===== Given entries

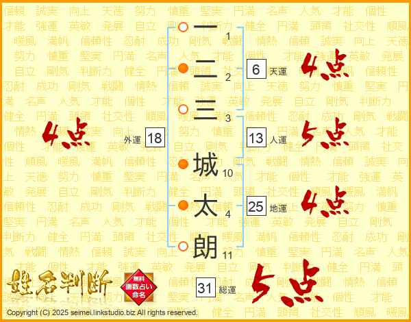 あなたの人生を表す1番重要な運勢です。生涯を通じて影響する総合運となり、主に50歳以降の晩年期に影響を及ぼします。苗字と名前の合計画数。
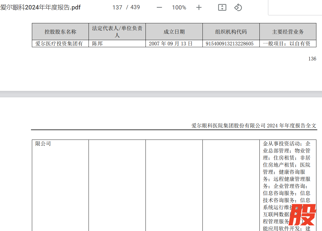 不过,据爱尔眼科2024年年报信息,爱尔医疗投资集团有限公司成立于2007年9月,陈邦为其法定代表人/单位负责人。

==========
===== Given entries

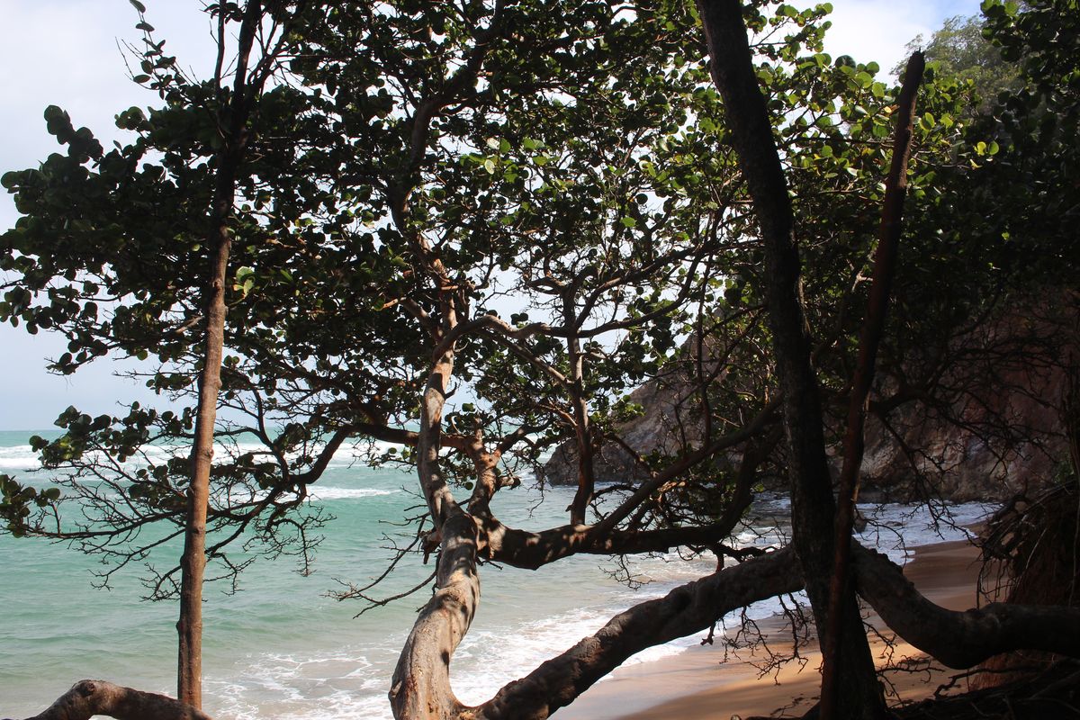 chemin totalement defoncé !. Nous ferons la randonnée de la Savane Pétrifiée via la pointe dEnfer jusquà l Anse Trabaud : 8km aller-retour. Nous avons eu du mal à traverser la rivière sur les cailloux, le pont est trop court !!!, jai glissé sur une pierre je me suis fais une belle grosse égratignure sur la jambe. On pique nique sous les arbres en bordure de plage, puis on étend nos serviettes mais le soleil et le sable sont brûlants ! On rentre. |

==========

» **Exercise prompt**
From the material above, reproduce only what runs from the line holding "あなたの人生を表す1番重要な" down to the line holding "不过,据爱尔眼科2024年年", both included, pictures excluded.

» **Expected output**
 あなたの人生を表す1番重要な運勢です。生涯を通じて影響する総合運となり、主に50歳以降の晩年期に影響を及ぼします。苗字と名前の合計画数。
 不过,据爱尔眼科2024年年报信息,爱尔医疗投资集团有限公司成立于2007年9月,陈邦为其法定代表人/单位负责人。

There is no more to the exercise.